### PROBLEM TO WORK ON
Return nothing but the lines from the one containing "with style and" through the end of the records below, exactly as they stand and without pictures.

Records from a data source

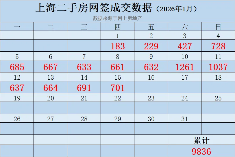 ▶ 上海1月二手房成交(统计截至1/15):1/15签约成交701套,1月二手房累计签约成交9836套(数据源自网上房地产);
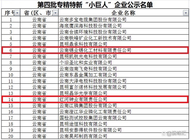 云南20家!云錫錫化工、紅河砷業公司入選
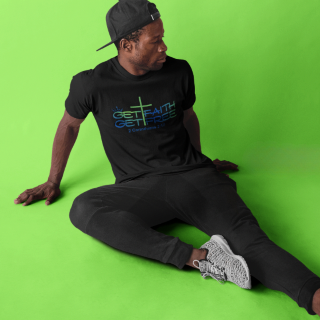 "Rep with style and humor in our machine washable 'Get Faith, Get Free' t-shirt! Available in sizes up to 4x and made with soft cotton, this hot item is perfect for representing your walk with the big homie. Inspired by 2 Corinthians 3:17. #Blessed"
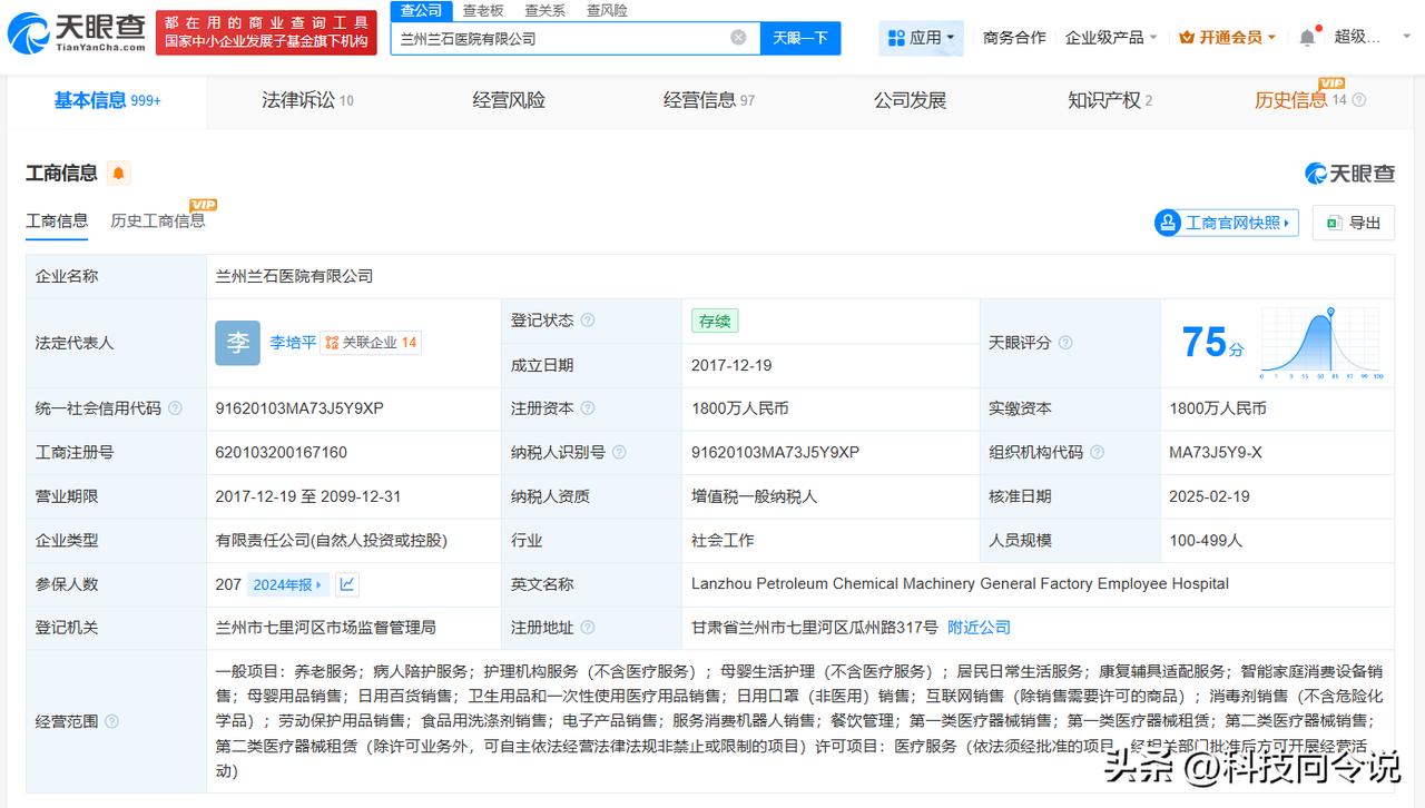 【揭秘发喜报庆祝门诊人数创佳绩医院 庆祝门诊人数创佳绩医院曾涉多起诉讼】医院发喜报庆祝门诊人数创佳绩 据媒体报道,近日,网传兰州兰石医院一则“喜报”受到关注。该医院一位内部人士称,这份“喜报”中的诊疗数据属实,“确实用词不当,我院正在积极处理”。 天眼查App显示,兰州兰石医院有限公司成立于2017年12月,法定代表人为李培平,注册资本1800万人民币,经营范围包括养老服务、病人陪护服务、卫生用品和一次性使用医疗用品销售等,由李芸和李培平分别持股51%、49%。风险信息显示,该医院曾涉及多起医疗损害责任纠纷,并于近期因建设工程合同纠纷被起诉。 天眼查信息:
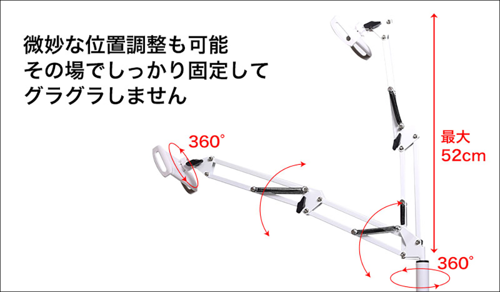 支架的能 360° 調整懸臂角度,懸臂更提供有多段的高度、角度調整,同時在夾具配備了 360° 萬向頭,讓拍攝過程要微調也更容易。
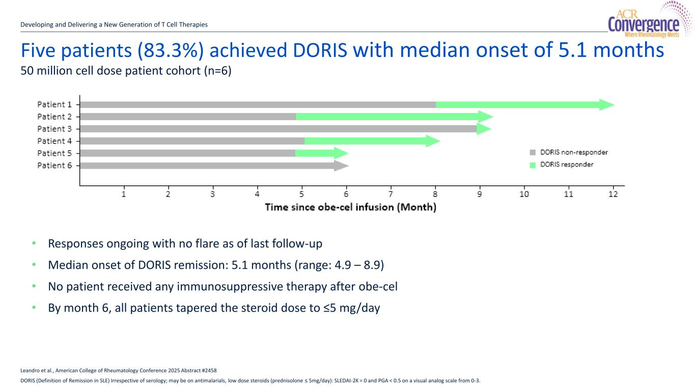 Five patients (83.3%) achieved DORIS with median onset of 5.1 months Developing and Delivering a New Generation of T Cell Therapies 50 million cell dose patient cohort (n=6) Leandro et al., American College of Rheumatology Conference 2025 Abstract #2458 DORIS (Definition of Remission in SLE) Irrespective of serology; may be on antimalarials, low dose steroids (prednisolone ≤ 5mg/day): SLEDAI-2K = 0 and PGA < 0.5 on a visual analog scale from 0-3. • Responses ongoing with no flare as of last follow-up • Median onset of DORIS remission: 5.1 months (range: 4.9 – 8.9) • No patient received any immunosuppressive therapy after obe-cel • By month 6, all patients tapered the steroid dose to ≤5 mg/day 15
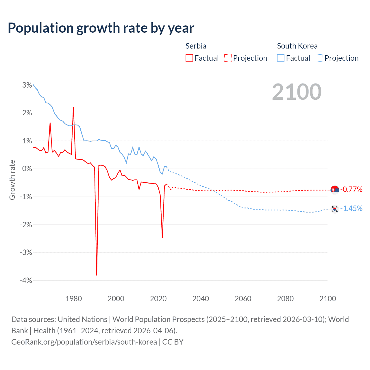 - For the last 10 years, Serbia has had an average growth rate of -0.76% per year vs +0.24% in South Korea.
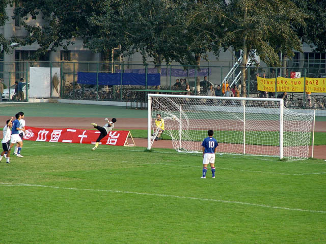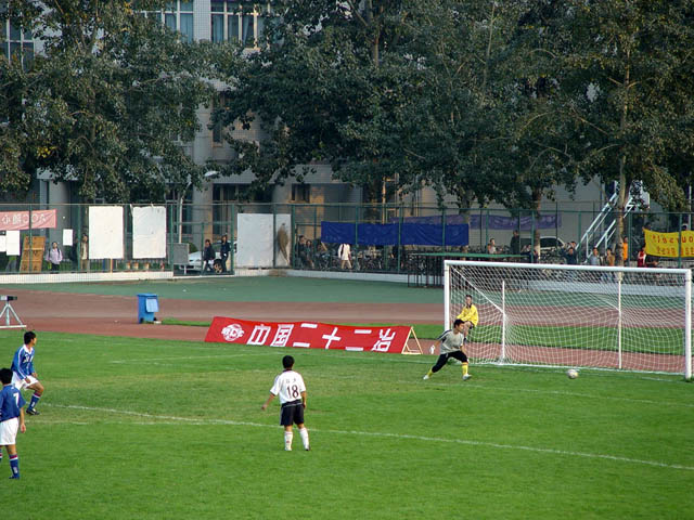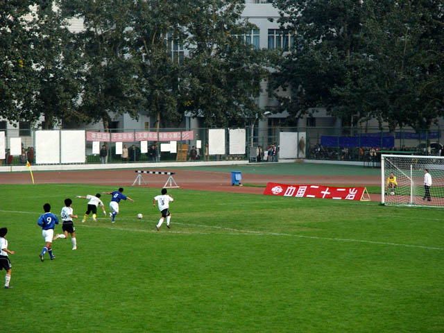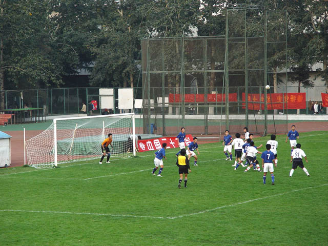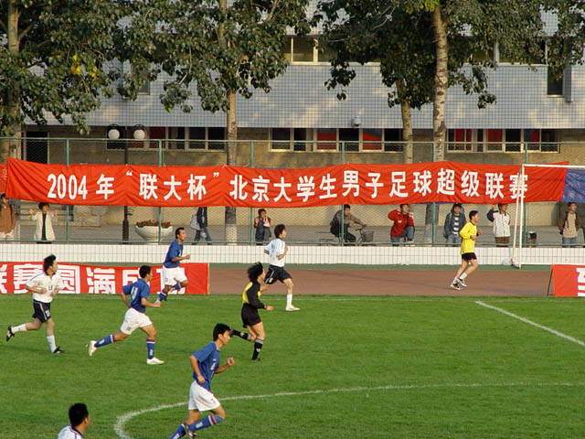 10月19日下午3点,2004年“联大杯”北京大学生男子足球超级联赛半决赛在我校东操场举行,由我校大学生足球队主场与北京联合大学足球队进行比赛,在日前的客场比赛中,我校足球队以10:0的战绩大胜对方。
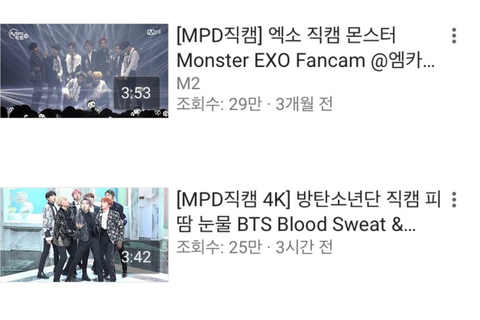 3개월전 몬스터 직캠 vs 3시간전 방탄 직캠
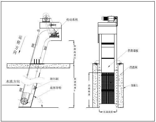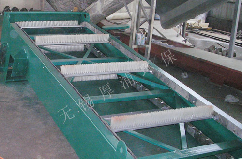 WBF轉(zhuǎn)刷網(wǎng)蓖式格柵除污機(jī)主要由驅(qū)動(dòng)裝置、機(jī)架、主軸、柵網(wǎng)、托渣板、固定板刷、回轉(zhuǎn)刷及牽引鏈組成。在電機(jī)驅(qū)動(dòng)下,通過(guò)減速機(jī)減速后,帶動(dòng)鏈輪與鏈條運(yùn)動(dòng),固定在回轉(zhuǎn)鏈條上板刷沿柵網(wǎng)網(wǎng)面由下而上移動(dòng),清掃網(wǎng)面并帶走污物,污物運(yùn)送至頂部時(shí),大部分靠重力自行落至排渣都,少量附著在固定板刷上的污物被轉(zhuǎn)動(dòng)的回轉(zhuǎn)刷清除掉,完成除污過(guò)程,液體則通過(guò)柵網(wǎng)的間隙流過(guò),整個(gè)工作過(guò)程連續(xù)進(jìn)行。
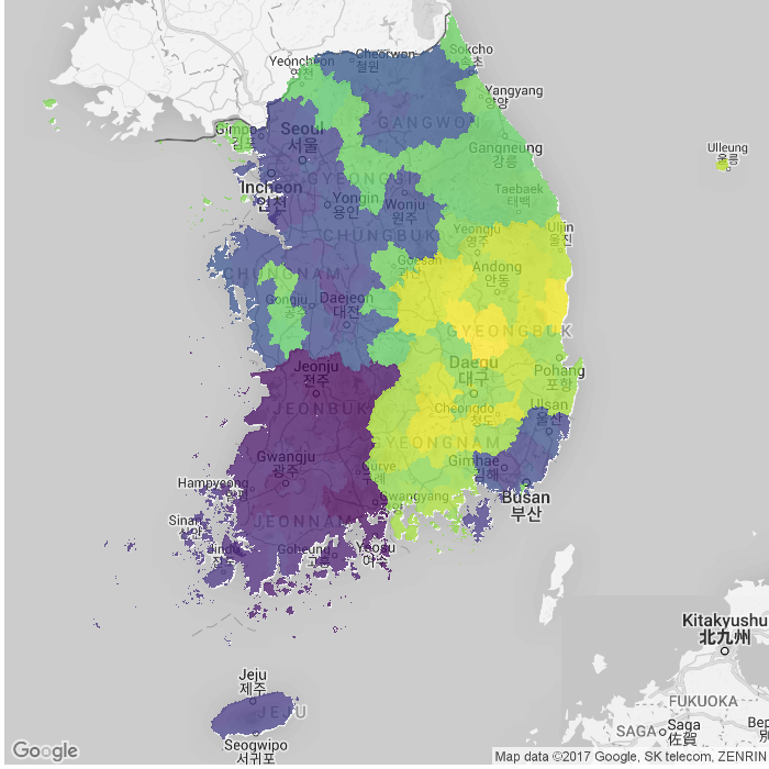 이제 실제로 색을 칠할 차례. 문 대통령이 어디서 얼마나 지지율을 얻었는지 한번 색을 칠해 보겠습니다.

### THE COMPLETED TASK
 "Rep with style and humor in our machine washable 'Get Faith, Get Free' t-shirt! Available in sizes up to 4x and made with soft cotton, this hot item is perfect for representing your walk with the big homie. Inspired by 2 Corinthians 3:17. #Blessed"
 【揭秘发喜报庆祝门诊人数创佳绩医院 庆祝门诊人数创佳绩医院曾涉多起诉讼】医院发喜报庆祝门诊人数创佳绩 据媒体报道,近日,网传兰州兰石医院一则“喜报”受到关注。该医院一位内部人士称,这份“喜报”中的诊疗数据属实,“确实用词不当,我院正在积极处理”。 天眼查App显示,兰州兰石医院有限公司成立于2017年12月,法定代表人为李培平,注册资本1800万人民币,经营范围包括养老服务、病人陪护服务、卫生用品和一次性使用医疗用品销售等,由李芸和李培平分别持股51%、49%。风险信息显示,该医院曾涉及多起医疗损害责任纠纷,并于近期因建设工程合同纠纷被起诉。 天眼查信息:
 支架的能 360° 調整懸臂角度,懸臂更提供有多段的高度、角度調整,同時在夾具配備了 360° 萬向頭,讓拍攝過程要微調也更容易。
 Five patients (83.3%) achieved DORIS with median onset of 5.1 months Developing and Delivering a New Generation of T Cell Therapies 50 million cell dose patient cohort (n=6) Leandro et al., American College of Rheumatology Conference 2025 Abstract #2458 DORIS (Definition of Remission in SLE) Irrespective of serology; may be on antimalarials, low dose steroids (prednisolone ≤ 5mg/day): SLEDAI-2K = 0 and PGA < 0.5 on a visual analog scale from 0-3. • Responses ongoing with no flare as of last follow-up • Median onset of DORIS remission: 5.1 months (range: 4.9 – 8.9) • No patient received any immunosuppressive therapy after obe-cel • By month 6, all patients tapered the steroid dose to ≤5 mg/day 15
 - For the last 10 years, Serbia has had an average growth rate of -0.76% per year vs +0.24% in South Korea.
 10月19日下午3点,2004年“联大杯”北京大学生男子足球超级联赛半决赛在我校东操场举行,由我校大学生足球队主场与北京联合大学足球队进行比赛,在日前的客场比赛中,我校足球队以10:0的战绩大胜对方。
 3개월전 몬스터 직캠 vs 3시간전 방탄 직캠
 WBF轉(zhuǎn)刷網(wǎng)蓖式格柵除污機(jī)主要由驅(qū)動(dòng)裝置、機(jī)架、主軸、柵網(wǎng)、托渣板、固定板刷、回轉(zhuǎn)刷及牽引鏈組成。在電機(jī)驅(qū)動(dòng)下,通過(guò)減速機(jī)減速后,帶動(dòng)鏈輪與鏈條運(yùn)動(dòng),固定在回轉(zhuǎn)鏈條上板刷沿柵網(wǎng)網(wǎng)面由下而上移動(dòng),清掃網(wǎng)面并帶走污物,污物運(yùn)送至頂部時(shí),大部分靠重力自行落至排渣都,少量附著在固定板刷上的污物被轉(zhuǎn)動(dòng)的回轉(zhuǎn)刷清除掉,完成除污過(guò)程,液體則通過(guò)柵網(wǎng)的間隙流過(guò),整個(gè)工作過(guò)程連續(xù)進(jìn)行。
 이제 실제로 색을 칠할 차례. 문 대통령이 어디서 얼마나 지지율을 얻었는지 한번 색을 칠해 보겠습니다.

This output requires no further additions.